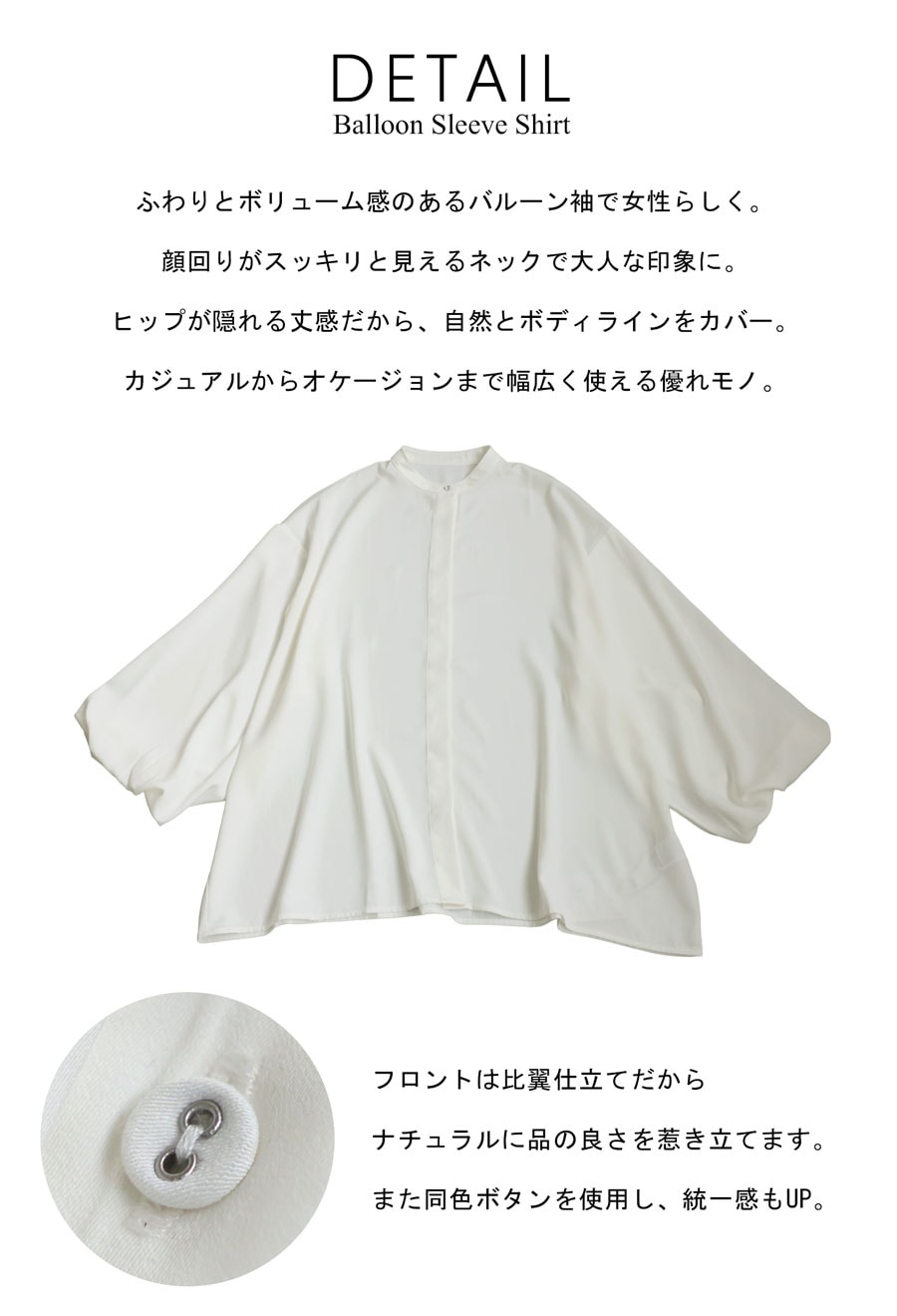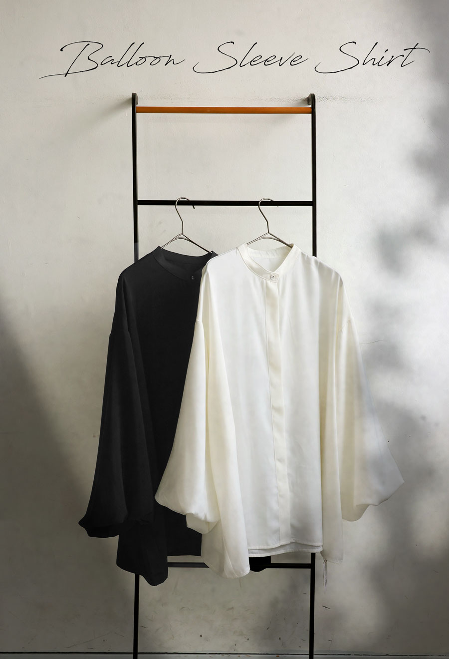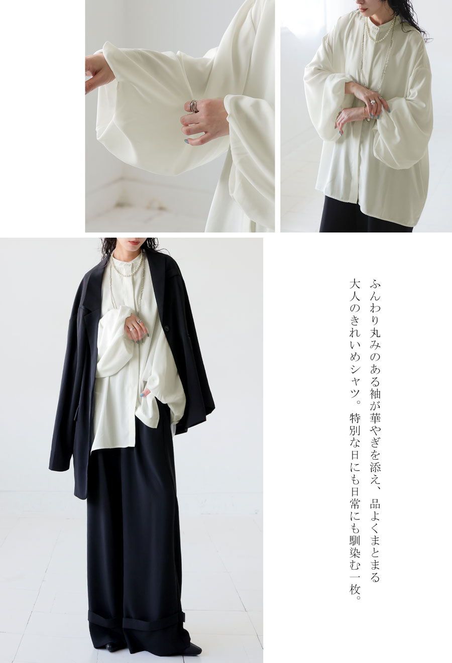 ゆったりとした身幅とふんわり広がるバルーンスリーブが印象的な長袖シャツです。
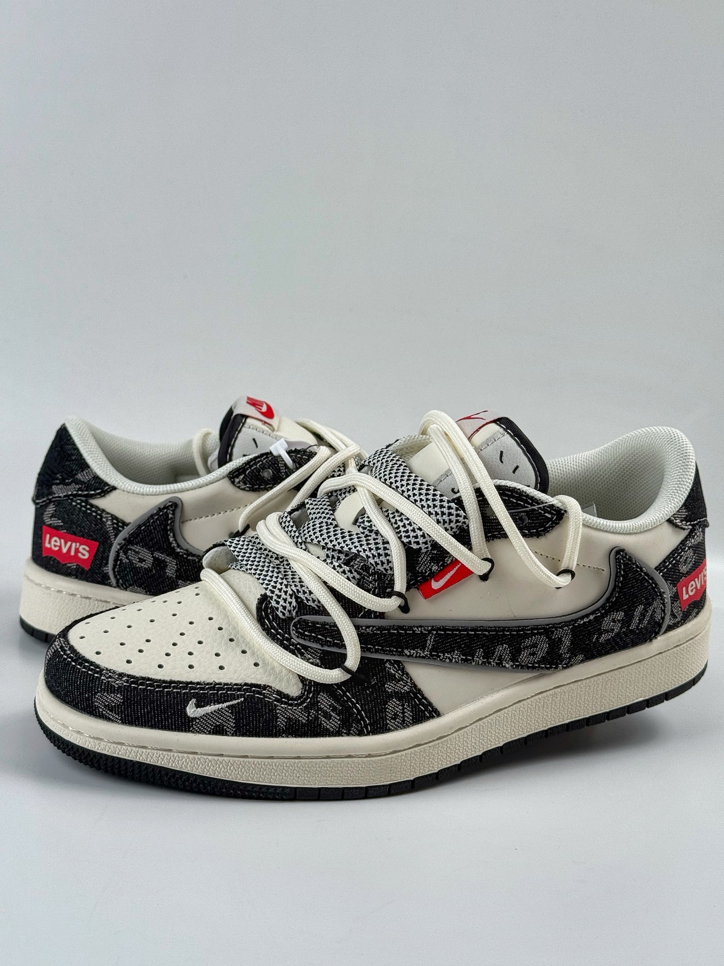 300 Travis Scott x Nike Air Jordan 1 Low x Louis Vuitton Air Jordan 1 Low 反转黑白牛仔小勾满天星倒钩 HT5088-600
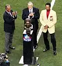 Bob St. Clair died on April 20 at age 84. St. Clair had an eleven-year career as an offensive tackle for the San Francisco 49ers in the 1950s and 1960s. He played in the Pro Bowl five times and was named to the 1950s All-Decade Team. St. Clair was the mayor of Daly City, California from 1958 through 1964. St. Clair was enshrined in the Pro Football Hall of Fame in 1990.[68][69][70]
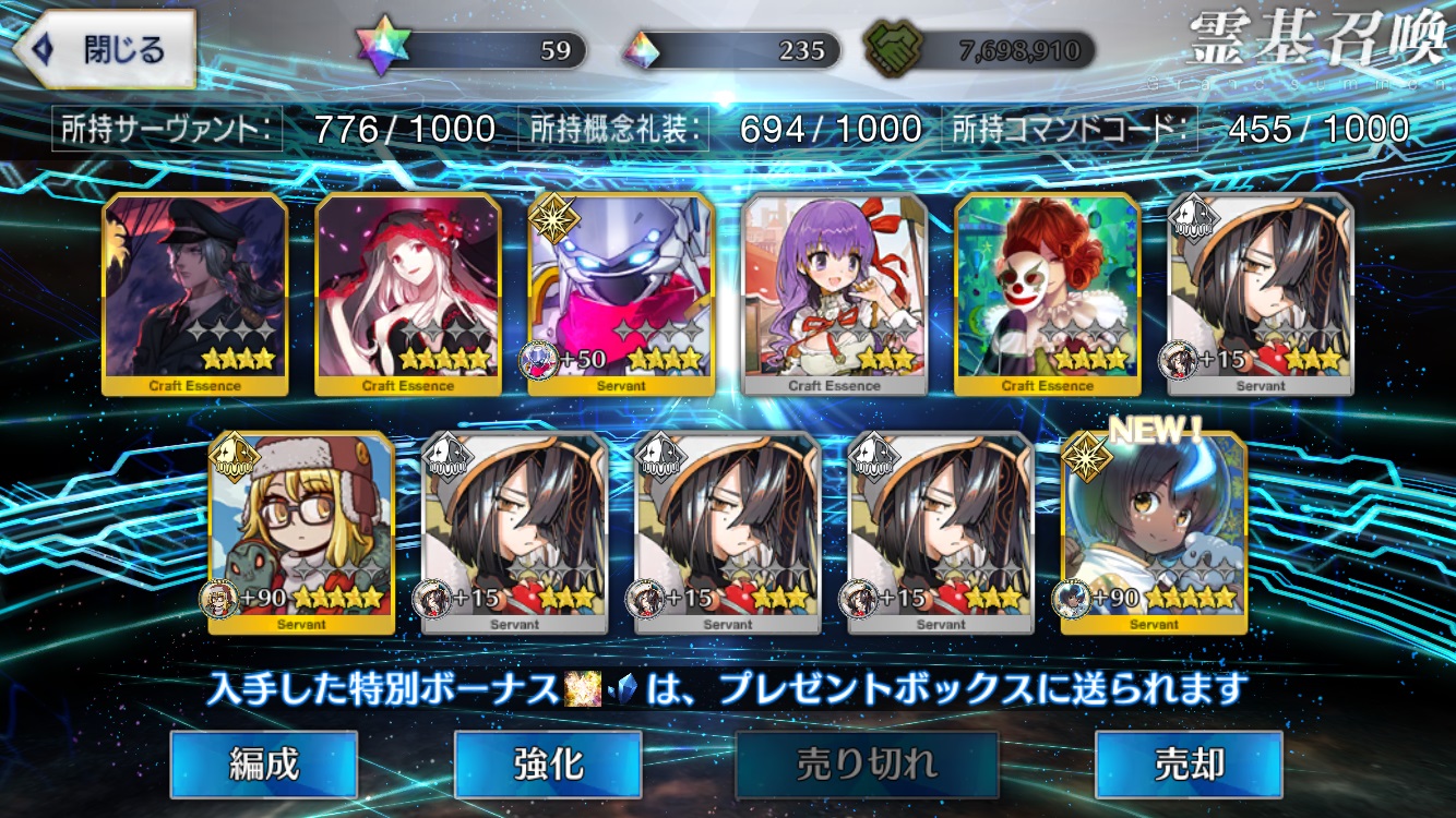 | … | 7725/08/12(火)23:51:49 ID:IRlcUVf.No.1342612548+所長はすり抜けなし275連で宝具5になったがその後調子こいてシエルパイセンと闇コヤンで両方ほぼ天井したので |
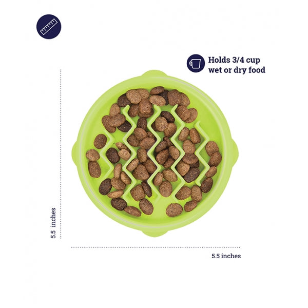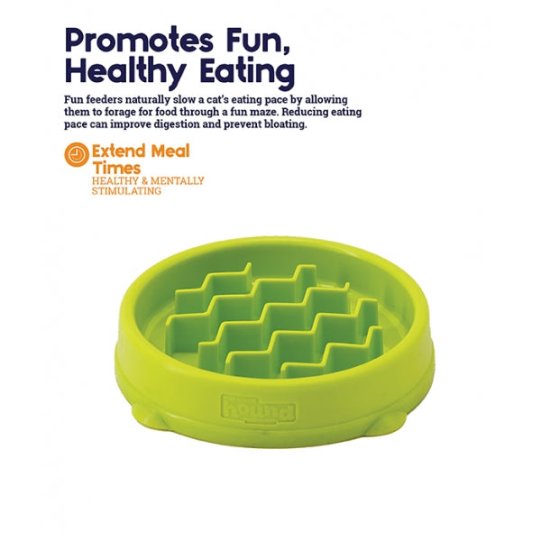 PROMOTES FUN, HEALTHY EATING: naturally slows cats' eating pace by allowing cats to forage for their food through a fun maze. IMPROVES DIGESTION: reducing eating pace can improve digestion and prevent bloating. BPA, PVC & PHTHALATE FREE: Made with food safe materials that you can trust with your kitty. NON SLIP BASE AND EASY TO CLEAN: Cat Fun Feeders are top rack dishwasher safe, and feature a slip resistant base to keep the bowl securely in place while your kitty chows down. PROPER PORTION: Cat Fun Feeder holds up to 3/4 cup of wet or dry food.
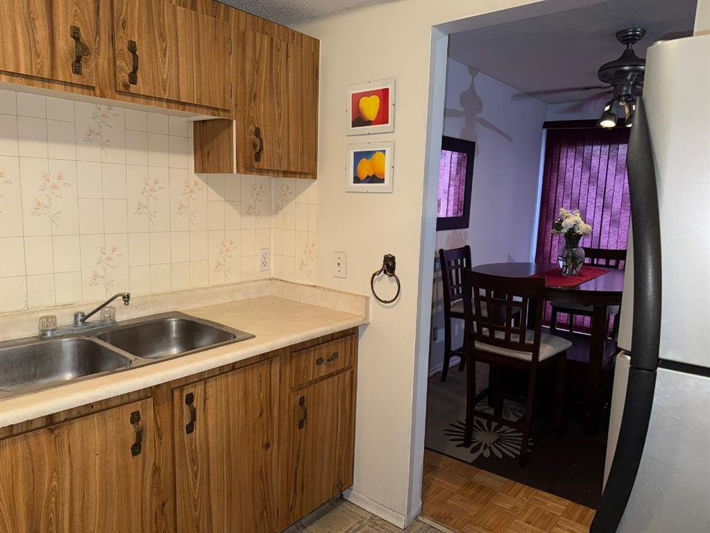 Welcome to this well-located and affordable 2-bedroom townhome in the desirable RUNDLEMERE GREEN condominium complex! As you enter, you are greeted by a welcoming foyer with a convenient closet that helps keep the space tidy and organized. Upstairs, the main floor features hardwood floors throughout a spacious living room complete with a cozy wood-burning fireplace adding a warm touch to this area. The adjoining dining area is bright and inviting, with sliding patio doors leading to a south-facing balcony that brings in beautiful natural light throughout the day. The kitchen is equipped with stainless steel appliances and a good layout for functionality. Just off the kitchen, you will find the utility room with the laundry room, plus extra space for storage. The third level offers a good sized primary bedroom with a large walk-in closet, a comfortable second bedroom, and a full 4-piece bathroom. This home offers 1,030 SqFt of thoughtfully living space and is ideal as a starter home or investment property. Additional highlights include: Low condo fees that cover water, sewer, and regular maintenance, one assigned parking stall (#38), south-facing balcony for all-day sunlight and prime location just steps to schools, parks, Rundle LRT Station, Sunridge Mall, Peter Lougheed Hospital, Superstore, restaurants, and more! This home is full of potential and ready for its next chapter. Don’t miss this fantastic opportunity!
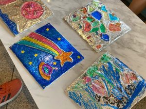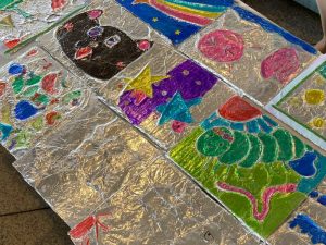 今回は、アルミホイルを使って、ピカピカに光る立体的な絵をつくります。
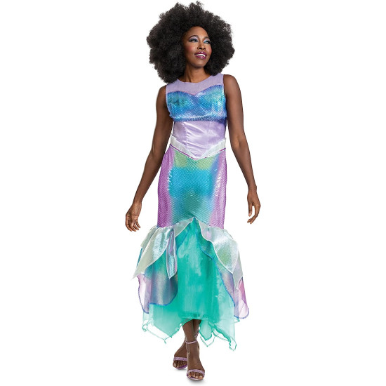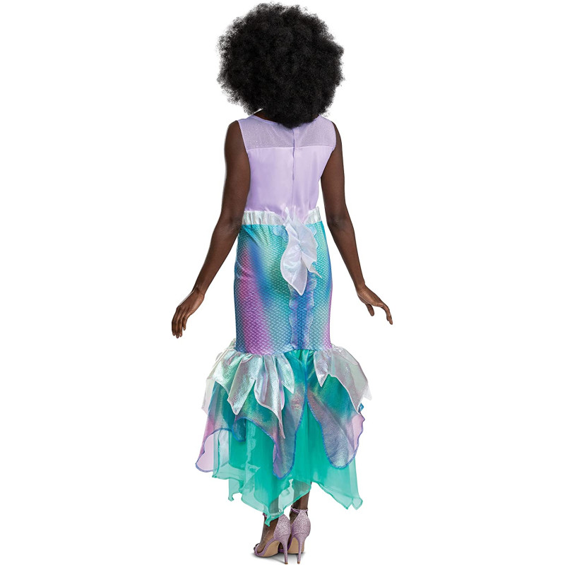 Traje da Princesa Ariel inclui o vestido sem manga e sobre saias verde-claro.

-- -- --

→ **Your task**: Go through the material above and print all of it exactly, except the pictures.

→ **Solution for this exercise**:
 ゆったりとした身幅とふんわり広がるバルーンスリーブが印象的な長袖シャツです。
 300 Travis Scott x Nike Air Jordan 1 Low x Louis Vuitton Air Jordan 1 Low 反转黑白牛仔小勾满天星倒钩 HT5088-600
 Bob St. Clair died on April 20 at age 84. St. Clair had an eleven-year career as an offensive tackle for the San Francisco 49ers in the 1950s and 1960s. He played in the Pro Bowl five times and was named to the 1950s All-Decade Team. St. Clair was the mayor of Daly City, California from 1958 through 1964. St. Clair was enshrined in the Pro Football Hall of Fame in 1990.[68][69][70]
 | … | 7725/08/12(火)23:51:49 ID:IRlcUVf.No.1342612548+所長はすり抜けなし275連で宝具5になったがその後調子こいてシエルパイセンと闇コヤンで両方ほぼ天井したので |
 PROMOTES FUN, HEALTHY EATING: naturally slows cats' eating pace by allowing cats to forage for their food through a fun maze. IMPROVES DIGESTION: reducing eating pace can improve digestion and prevent bloating. BPA, PVC & PHTHALATE FREE: Made with food safe materials that you can trust with your kitty. NON SLIP BASE AND EASY TO CLEAN: Cat Fun Feeders are top rack dishwasher safe, and feature a slip resistant base to keep the bowl securely in place while your kitty chows down. PROPER PORTION: Cat Fun Feeder holds up to 3/4 cup of wet or dry food.
 Welcome to this well-located and affordable 2-bedroom townhome in the desirable RUNDLEMERE GREEN condominium complex! As you enter, you are greeted by a welcoming foyer with a convenient closet that helps keep the space tidy and organized. Upstairs, the main floor features hardwood floors throughout a spacious living room complete with a cozy wood-burning fireplace adding a warm touch to this area. The adjoining dining area is bright and inviting, with sliding patio doors leading to a south-facing balcony that brings in beautiful natural light throughout the day. The kitchen is equipped with stainless steel appliances and a good layout for functionality. Just off the kitchen, you will find the utility room with the laundry room, plus extra space for storage. The third level offers a good sized primary bedroom with a large walk-in closet, a comfortable second bedroom, and a full 4-piece bathroom. This home offers 1,030 SqFt of thoughtfully living space and is ideal as a starter home or investment property. Additional highlights include: Low condo fees that cover water, sewer, and regular maintenance, one assigned parking stall (#38), south-facing balcony for all-day sunlight and prime location just steps to schools, parks, Rundle LRT Station, Sunridge Mall, Peter Lougheed Hospital, Superstore, restaurants, and more! This home is full of potential and ready for its next chapter. Don’t miss this fantastic opportunity!
 今回は、アルミホイルを使って、ピカピカに光る立体的な絵をつくります。
 Traje da Princesa Ariel inclui o vestido sem manga e sobre saias verde-claro.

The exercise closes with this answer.